[LLVMdev] Proposal: stack/context switching within a thread

Jeffrey Yasskin jyasskin at google.com
Tue Apr 20 18:07:33 PDT 2010


On Tue, Apr 20, 2010 at 5:47 PM, Kenneth Uildriks <kennethuil at gmail.com> wrote:
> On Fri, Apr 16, 2010 at 9:30 PM, Jeffrey Yasskin <jyasskin at google.com> wrote:
>> On Sun, Apr 11, 2010 at 10:07 PM, Jeffrey Yasskin <jyasskin at google.com> wrote:
>>> I'll forward your next draft back to the stackless folks, unless you
>>> want to pick up the thread with them.
>>
>> Their reply: http://thread.gmane.org/gmane.comp.python.stackless/4464/focus=4475
>
> (From the reply)
>> But any function call we perform after the
>> swapcontext() may trample the unsaved stack, if the source and destination stack positions
>> overlap.
>
> I'm having trouble visualizing that situation.  Is there a "main"
> context that will handle all this saving and restoring of stacks?  If
> so, does it actually share stacks with other contexts in the way
> they're expected to share it with each other?
>
>>
>> Instead of @llvm.getcontextstacktop(%context), they want
>> @llvm.getcurrentstacktop() so that they can copy the stack out before
>> switching, and copy it back in after switching. I'm not sure this
>> exactly works either, since before "copying the stack back", any
>> allocas are pointing at old-frame data and so are invalid. They'd need
>> to guarantee that any relevant data is in machine registers rather
>> than the stack during the switch, but LLVM doesn't provide a way to do
>> that. The cleaner way to do this is to switch to an intermediate stack
>> scheduler context with its own stack, have it replace the stacks, and
>> then switch to the target context back on the original stack. But that
>> requires two swapcontext() calls, which seems less than idea
>> performance-wise.
>
> OK, I see you don't want to have a "main" context that does this and
> dispatches other contexts if it can be avoided.  Compared to copying
> stacks, though, I'm not sure that two swapcontexts will be that bad,
> especially if we don't implement them as posix library function calls.
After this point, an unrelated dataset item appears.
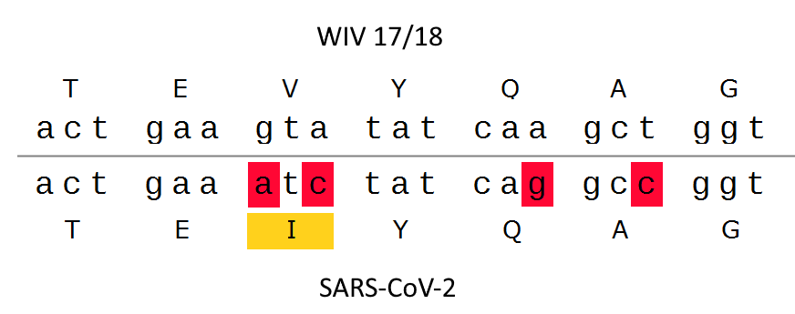Otherwise, the nucleotide sequence is well conserved between WIV/17 and SARS-CoV-2 with 2 wobble mutations. This is normal evolution - except it's the wrong virus!
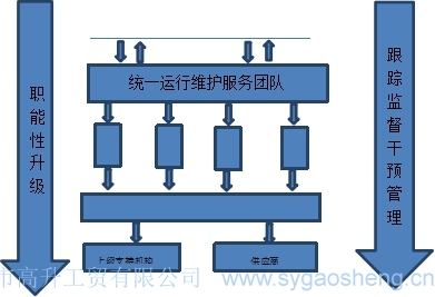 本技術(shù)實(shí)施方案中,由十堰市高升工貿(mào)有限公司(涉密信息系統(tǒng)集成資質(zhì)企業(yè)、十堰市政府采購(gòu)協(xié)議供應(yīng)商、原單位信息化承建商)負(fù)責(zé)網(wǎng)絡(luò)運(yùn)行維護(hù)服務(wù),提供1-3名網(wǎng)絡(luò)技術(shù)專業(yè)人員提供不駐場(chǎng)服務(wù),由負(fù)責(zé)本項(xiàng)目總體運(yùn)行維護(hù)服務(wù)單位統(tǒng)籌調(diào)度,及時(shí)響應(yīng)保障。 整體運(yùn)行維護(hù)服務(wù)框架如下圖所示:

Good point about the relative cost of copying the stack. I'll suggest
the "main" context to them.

>> Since the backend _can_ ensure that the relevant data is in machine
>> registers, do you think it makes sense to provide a swapcontext() that
>> also moves the stack? Or is there another way to do this that I'm
>> missing?
>
> Can it really ensure that on all targets?  Some of them don't exactly
> have an abundance of registers.

I guess I mean that the relevant data has to be inside the context
data. Registers would accomplish that, but they're not necessary.